I recently removed the hoses on my 206 to clean them and the combination of flimsy corrugated hose and a connection method that is less than solid has resulted in a slow leak. I want to switch to smooth walled pvc and hose clamps for both the more solid connection as well as increased flow from the smoother walls. 

Is the inside diameter 5/8ths of an inch for these tubes? Seems like I read someone else suggest that was the proper size.


----------



## keymastr (May 25, 2015)

Nobody has replaced these? Seems like a no brainer if you want any equipment inline since the stock hoses are so flimsy.


----------



## ct60g (Dec 15, 2015)

Hey keymastr, 

I recently had the exact same issue with my Fluval 404. Yes the interior diameter you need is 5/8. I went with reinforced vinyl tubing for my replacement, and it works great, but I see myself also switching to PVC in the future. Good luck, and let me know how it goes!


----------



## cjp999 (Nov 18, 2008)

This is what I used for a Fluval 305 when I add a Griggs reactor:

Air Delights | Watts Plumbing Products | W-42142810 Watts Tubing SBVMK10 7/8X5/8X10 PRE-CUT BRAIDED VINYL
https://www.homedepot.ca/en/home/p.1000124619.html

I still use the original fluval hose.
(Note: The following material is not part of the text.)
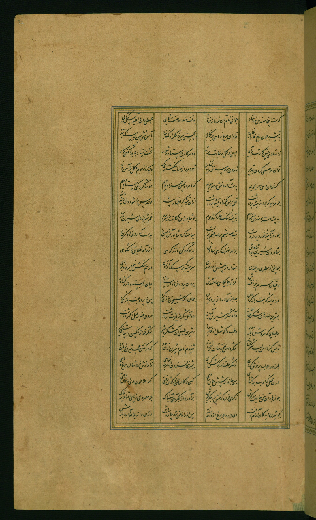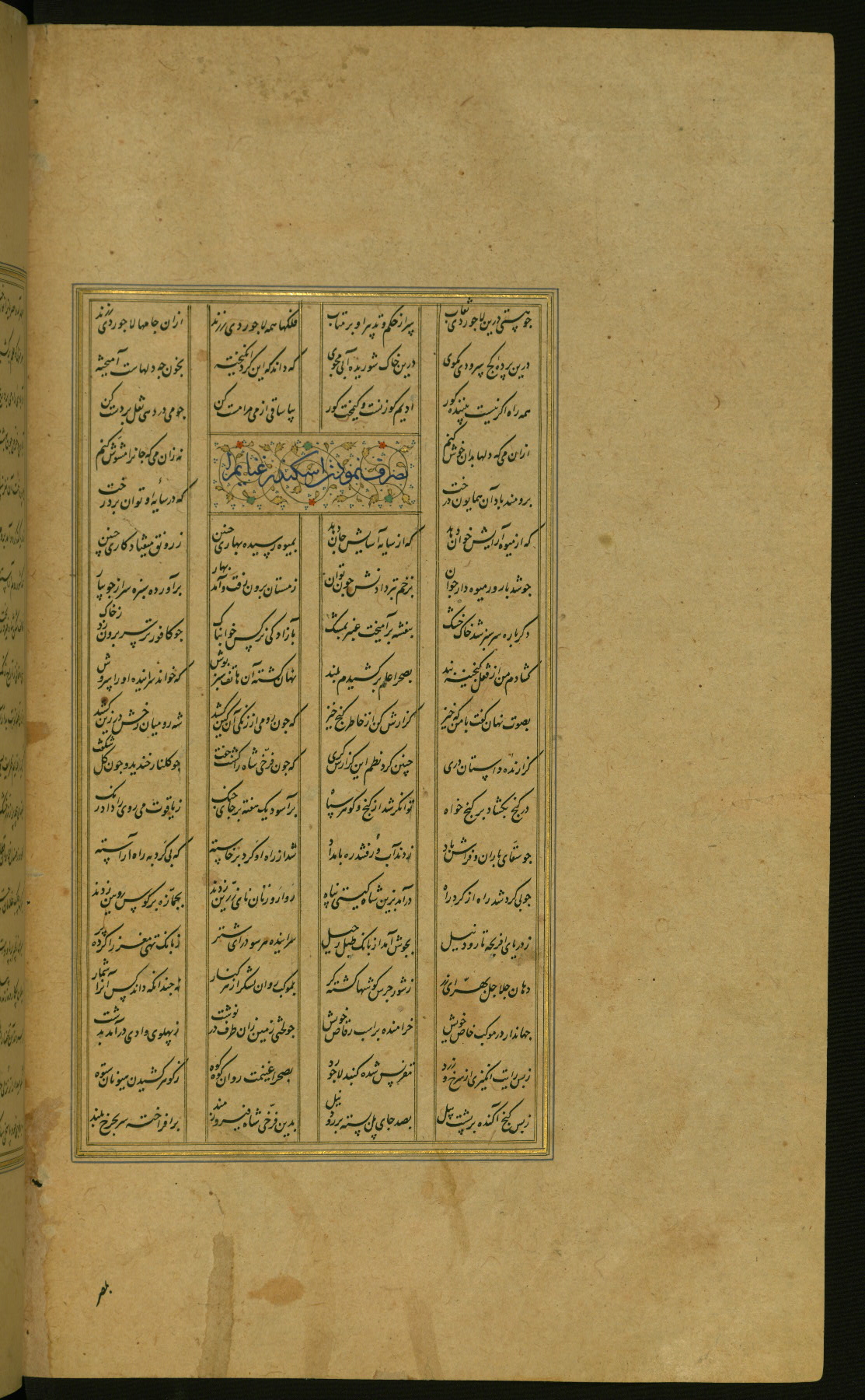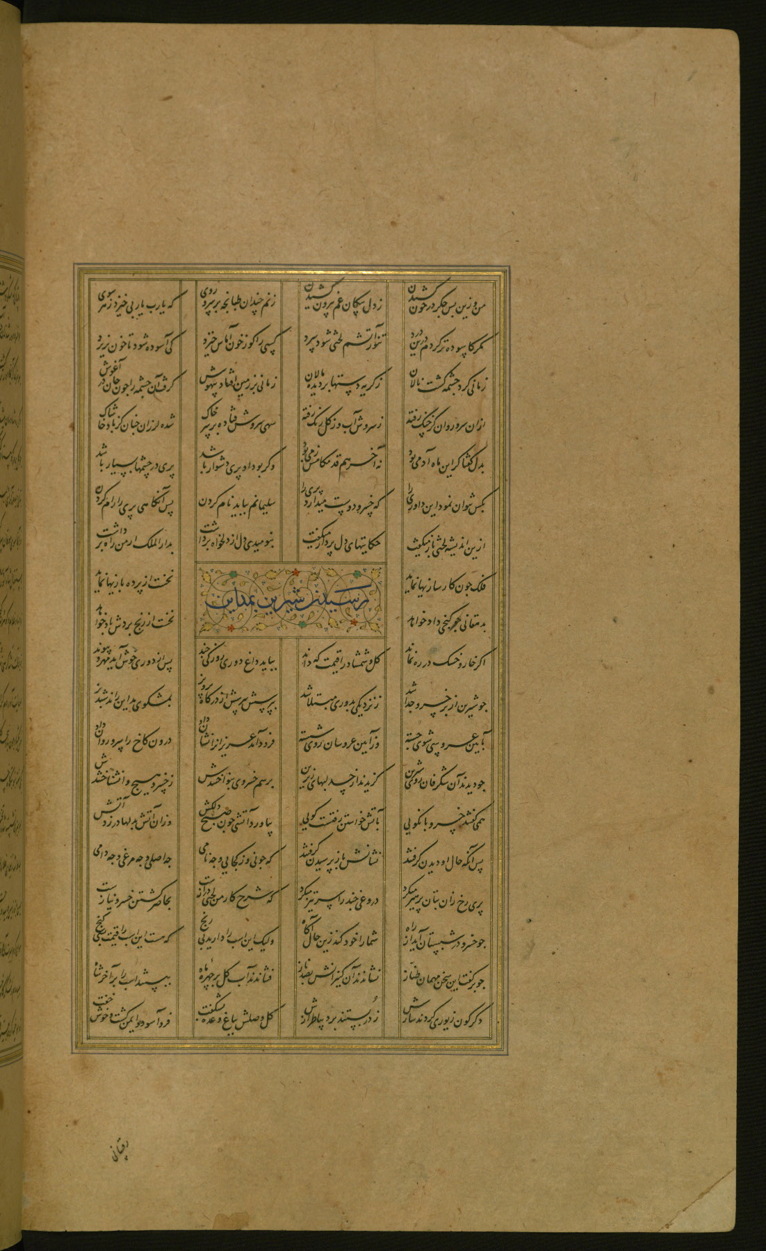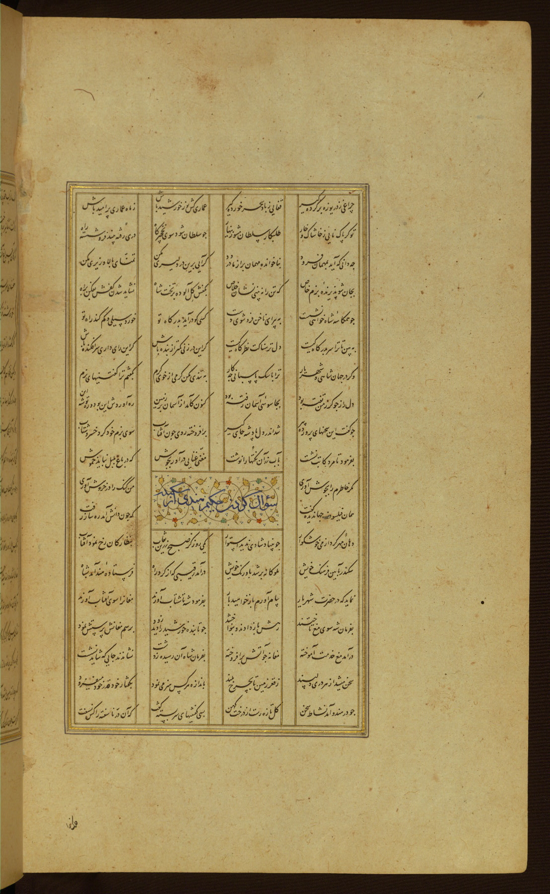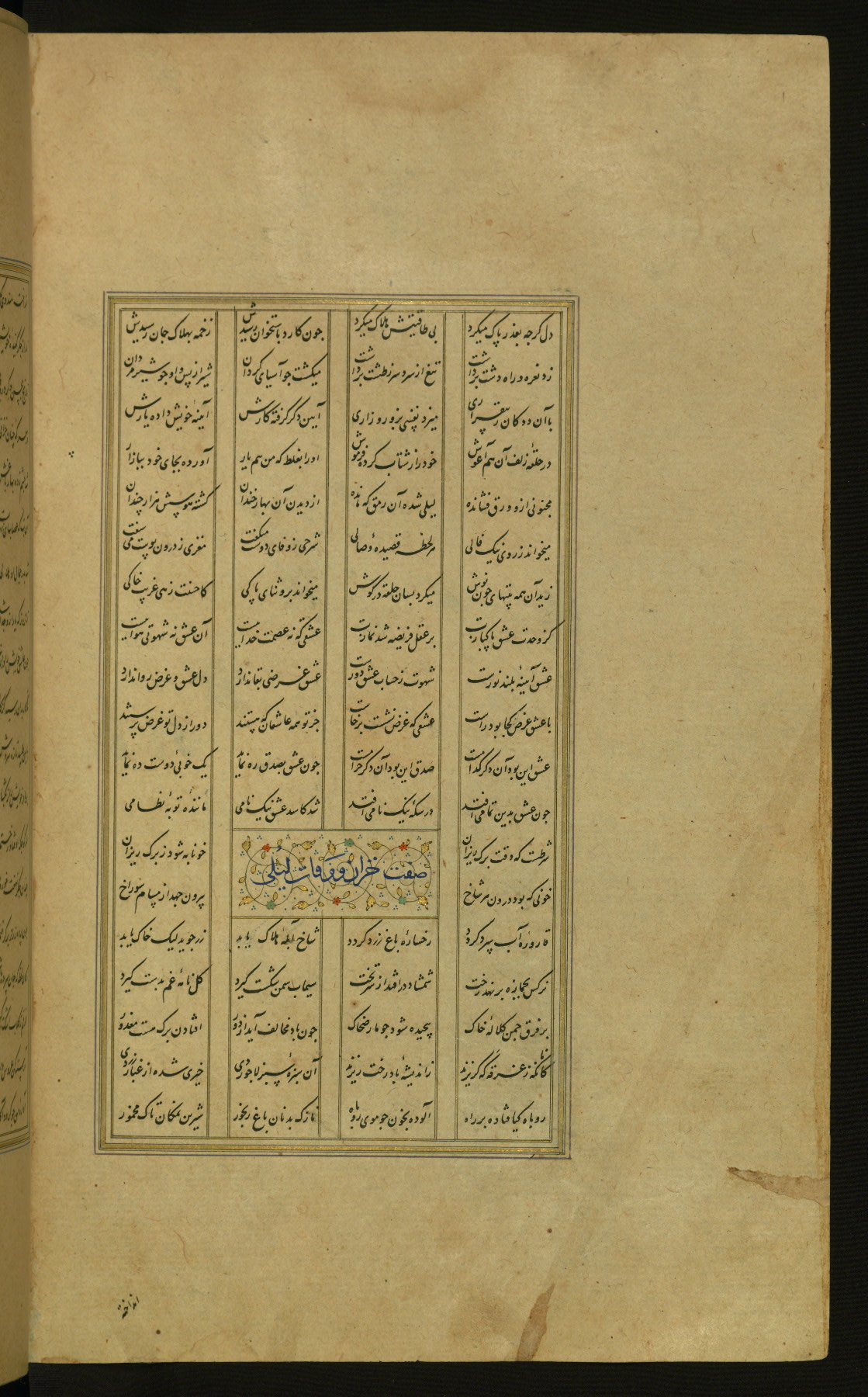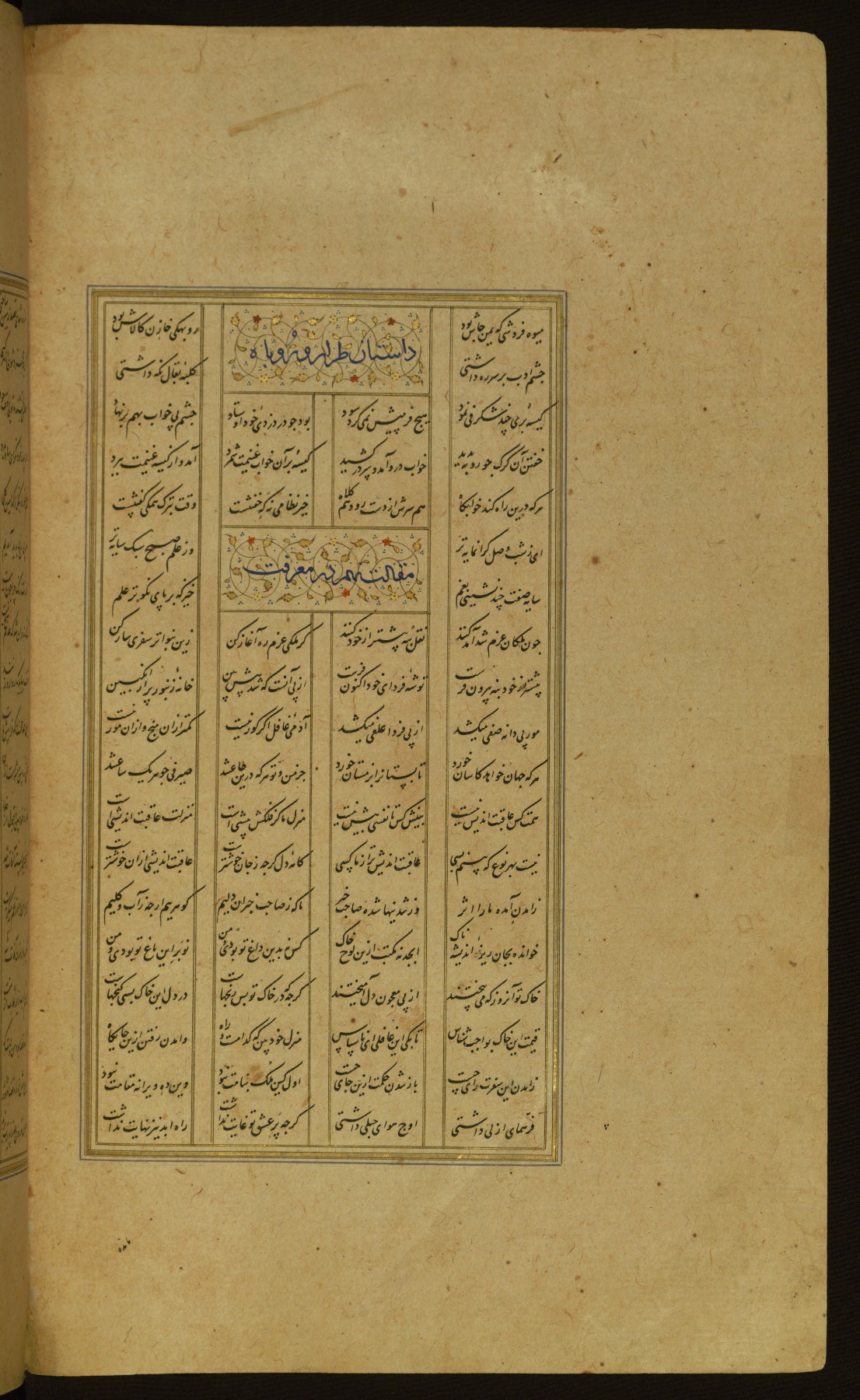 This illuminated and illustrated copy of the Khamsah (quintet) of Niẓāmī Ganjavī (d. 605 AH / 1209 CE) was written by Yār Muḥammad al-Haravī in 922 AH / 1516 CE. Written in four columns in black nastaʿlīq script, this manuscript opens with a double-page illuminated frontispiece signed by ʿAbd al-Wahhāb ibn ʿAbd al-Fattāḥ ibn ʿAlī. It contains thirty-five illustrations that were repainted in India during the twelfth century AH / eighteenth CE. The seal of Muḥammad Asharf ibn Muḥammad Khātam al-Ḥusaynī, dated 1173 AH / 1759-60 CE appears on fols. 1a and 401a. It is possible that the brown leather binding with center and side panels brushed with gold is original to the manuscript but was repaired at a later stage in the codex's history.

This hose just filled in the two short missing sections when I added the Griggs reactor.

It's 5/8 I.D. and 7/8" O.D. No idea what led me to it. I put it to use over 5 years ago so I don't recall much about it. Haven't changed my setup since, so it has held up well. The braided hose does not kink or collapse, although the tightest arc I bend it to is about 8" diameter, so I haven't put it to much of a test.


----------



## creekbottom (Apr 5, 2012)

You can use 16/22 size hose from ehiem, I like using that stuff. Or you can go to Home Depot and pick up the same size hose and use that.


----------



## ct60g (Dec 15, 2015)

I use the same hose as cjp999, that's the reinforced vinyl hose I was talking about. On my filter, the 5/8 ID vinyl hose fits right onto the aqua-stop, and the connectors still work as well, so I was able to do away with all of the old fluval ribbed hose.


----------